WORK REQUEST -
Look through the data below for the line with "(Photo: A man" and the line with "[系上公告]恭喜 本系黃珮雯老師 榮獲國立虎尾科技大學114學年度教學優良教師", then transcribe exactly from the first through the second, leaving out all pictures.

****************

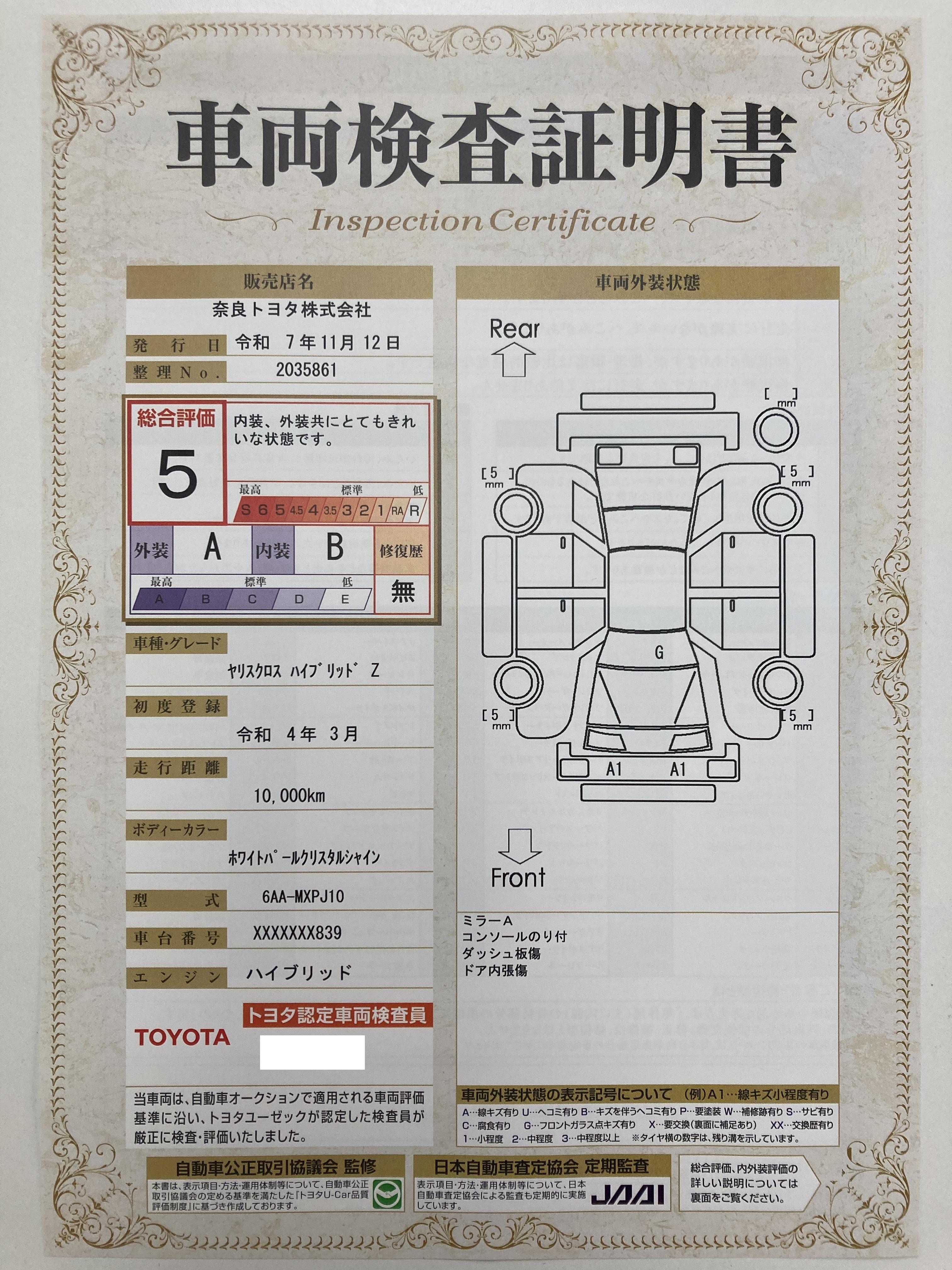 車両保証(ヤリスクロス ハイブリッドZ:奈良トヨタ株式会社 U-Car葛城店)
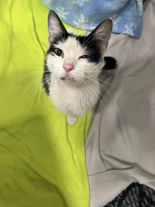 “Ledge Kitty”, as she was nicknamed, had surgery and is reported to be recovering nicely. This picture was taken as she awoke from a nap. The caption was that she wanted to thank everyone for all their help and good wishes.
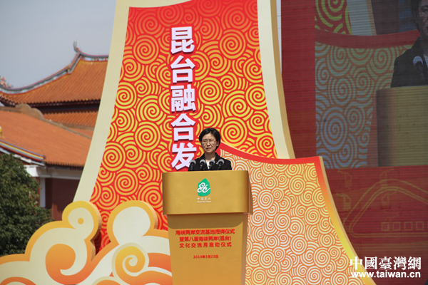 “昆山慧聚廣場是昆山與臺胞共同建設成果的代表。‘海峽兩岸交流基地’的授牌是我們工作的階段性的節點,是新工作的起點。”江蘇省臺辦主任練月琴在致辭中指出,希望兩岸同胞共同努力,真正把昆山打造成兩岸融合發展的試驗區、示范區 。
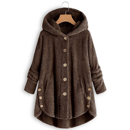Per donna Giacca Sherpa Giacca con Cappuccio Confortevole Traspirante Tasca Bottoni Moda Casual Semplice Vacanza Streetwear Casuale Abbigliamento quotidiano Monopetto Regolare Con Cappuccio
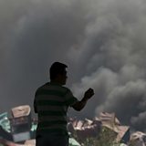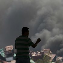 (Photo: A man looks at smoke pluming from the explosion site in Binhai new district in Tianjin, China. Credit: Damir Sagolj/Reauters)
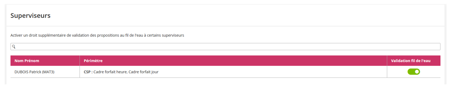 Côté Rémunération, le superviseur peut se voir attribuer un rôle supplémentaire de validation des propositions au fil de l’eau (si le fil de l’eau est activé sur la plateforme du client). L’administrateur doit lui activer ce droit depuis le menu Administration> Habilitations> Superviseurs.
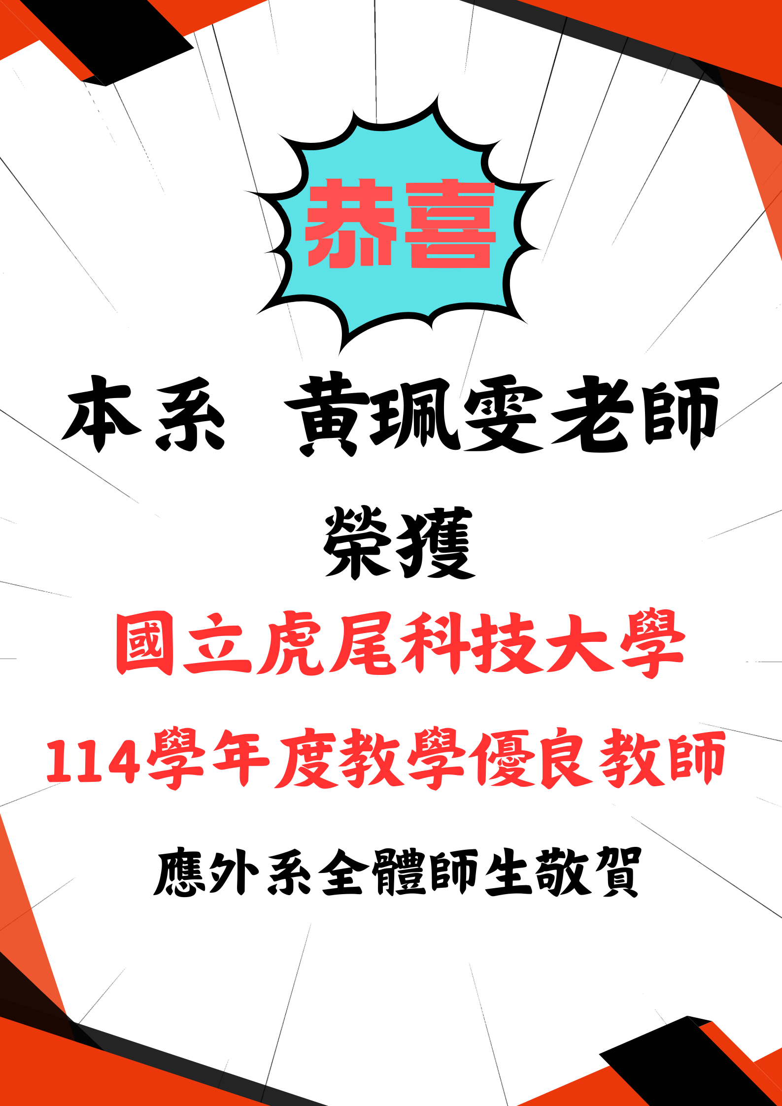 [系上公告]恭喜 本系黃珮雯老師 榮獲國立虎尾科技大學114學年度教學優良教師
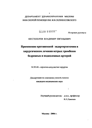 Шестоперов Владимир Евгеньевич. Применение протяженной эндартерэктомии в хирургическом лечении острых тромбозов бедренных и подколенных артерий : диссертация ... кандидата медицинских наук : 14.00.44 / Шестоперов Владимир Евгеньевич; [Место защиты: Российский кардиологический научно-производственный комплекс].- Москва, 2004.- 91 с.: ил.

****************

COMPLETED TASK -
 (Photo: A man looks at smoke pluming from the explosion site in Binhai new district in Tianjin, China. Credit: Damir Sagolj/Reauters)
 Côté Rémunération, le superviseur peut se voir attribuer un rôle supplémentaire de validation des propositions au fil de l’eau (si le fil de l’eau est activé sur la plateforme du client). L’administrateur doit lui activer ce droit depuis le menu Administration> Habilitations> Superviseurs.
 [系上公告]恭喜 本系黃珮雯老師 榮獲國立虎尾科技大學114學年度教學優良教師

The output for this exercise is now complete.